Nancy McHugh, Ph.D.
Professor of Philosophy & Department Chair.
Office: Hollenbeck Hall 306 (937) 327- 6335
E-mail: nmchugh@wittenberg.edu
My teaching, research and personal interests mesh together in a rather seamless fashion. Currently I teach three courses that reflect my areas of specialty and my intellectual curiosity: Philosophy of Women’s Lives, Race, Gender, Science and Medicine, and Knowing Bodies. Each of these courses seeks to understand the connection between knowing and doing, and philosophy and the lived experience. The position I take in all my teaching is that philosophy without action is rather purposeless. The reason philosophy is
so important is because of the way that it can translate into action and change in the everyday world. My hope is that my courses inspire students to critically assess those things they may have taken for granted and to feel empowered to act upon those things they wish to improve or change.
Because of my commit
ment to the connection between philosophy and everyday life, I try to be active in my community. From 2003-2008 I was on the board and the governance committee of a women’s shelter called Project Woman.
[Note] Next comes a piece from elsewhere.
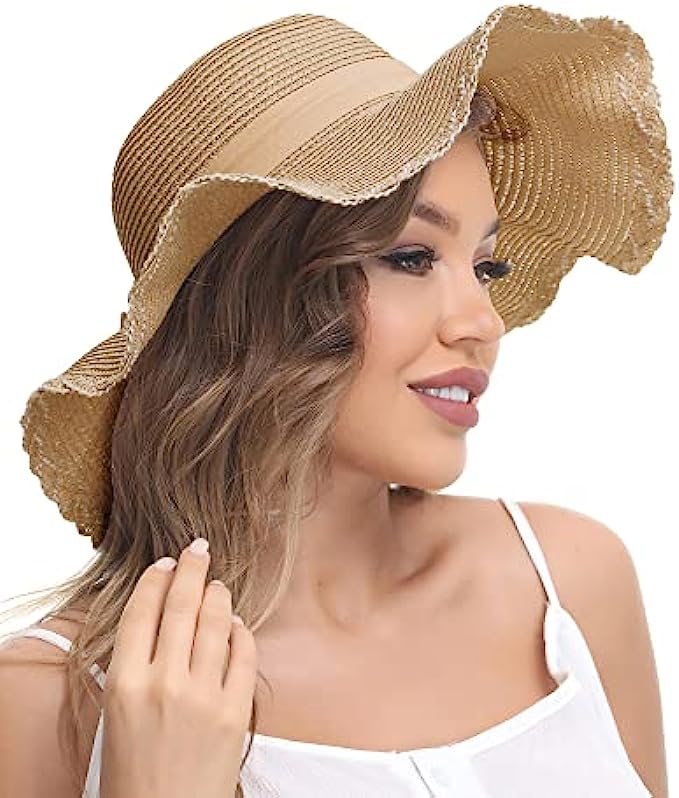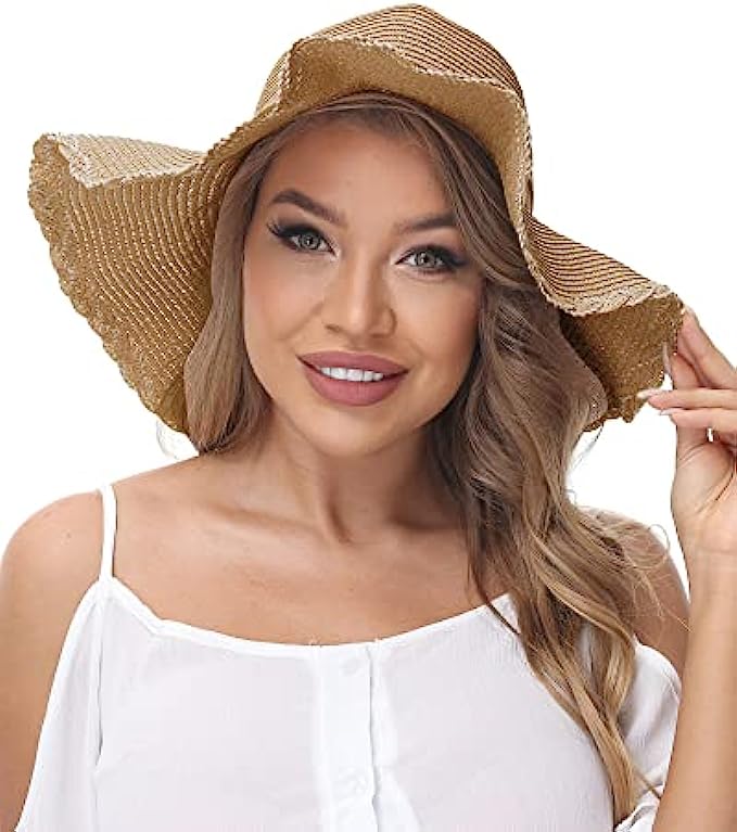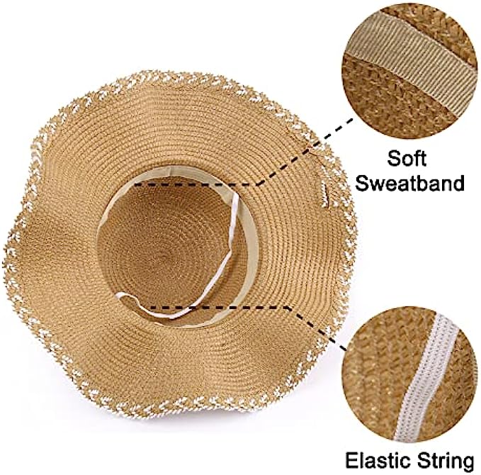 Straw Imported Elastic closure Hand Wash Only [ONE SIZE FITS MOST] Style 1 : brim 3.15’’ (8cm), height 4.33’’ (11cm), circumference 21.26-22.83’’ (54-58cm). Style 2: brim 4.72’’ (12cm), circumference 22.05-23.62’’ (56-60cm). One size fits most women, girls and ladies. There is a elastic string that makes it size up better [DURABLE STRAW FABRIC] Double woven straw hat is durable and not easily lose shape. It can block harmful UV rays in order to prevent skin sunburn. Lightweight and breathable, keep your head cool all day [WIDE BRIM & BOW TIE] Floppy brim makes you more charming and adorable. Soft linen bow tie makes the beach hat feature personal and fashion. Bringing you shade and beauty in the hot and boring summer

I am currently working with Philosophy majors to develop a program called the Stand-Up Ethics Program (STEP) that will run in collaboration with an upper-division philosophy course entitled “The Art of Living Ethically”. In this course Wittenberg students will have class with juvenile detainees at the Clark County Juvenile Detention Center and collectively develop an understanding of moral literacy and ethical problem solving.
My current book project was funded through a grant awarded by the National Science Foundation in 2006. The book is tentatively titled Actions Which Change the Face of the World. The project initiates from the question “What are the conditions under which it is possible for science and medicine to meet the health needs of marginalized peoples and work with them to promote their flourishing, as individuals and as communities?” It employs a pragmatist feminist approach to argue for a position that I call situated communities in which we look toward the complexity of people’s lives to understand how their health is impacted by racism, sexism, colonialism, and classism. I employ case examples on Bayview Hunters Point, a neighborhood in San Francisco; Agent Orange in the highlands of Viet Nam; endometriosis; and the work of Dr. Holmes Morton, a geneticist who lives and works with Amish and Mennonite communities.
My recent publications include Feminist Philosophies A-Z , Edinburgh University Press, 2007; “More than Skin Deep: Situated Communities and Agent Orange in the Aluoi Valley, Vietnam, ”in Feminist Epistemology and Philosophy of Science: Power in Knowledge, ed. Heidi Grasswick, Springer Publishing, 2011 “It’s In the Meat: Science Studies, Science Fiction and Ruth Ozeki’s Demystification of Scientific Knowledge,” (2008) in SciFi in the Mind’s Eye, M. Grebowicz, ed.
I am also co-chair of a feminist philosophy group, FEMMSS(Feminist Epistemology, Metaphysics, Methodology and Science Studies). Our fearless organizer is Cate Hundleby, Windsor University. She and Lynn Nelson hosted our first bi-annual conference at University of Washington, Seattle, fall of 2004.
My Ph.D. is from Temple University, where I was also a Visiting Assistant Professor of Philosophy for two years and the Associate Director of the Awareness of Teaching and Teaching Improvement Center. My M.A. is from Cleveland State and my B.A. is from Lake Erie College. I came to Wittenberg in 2000.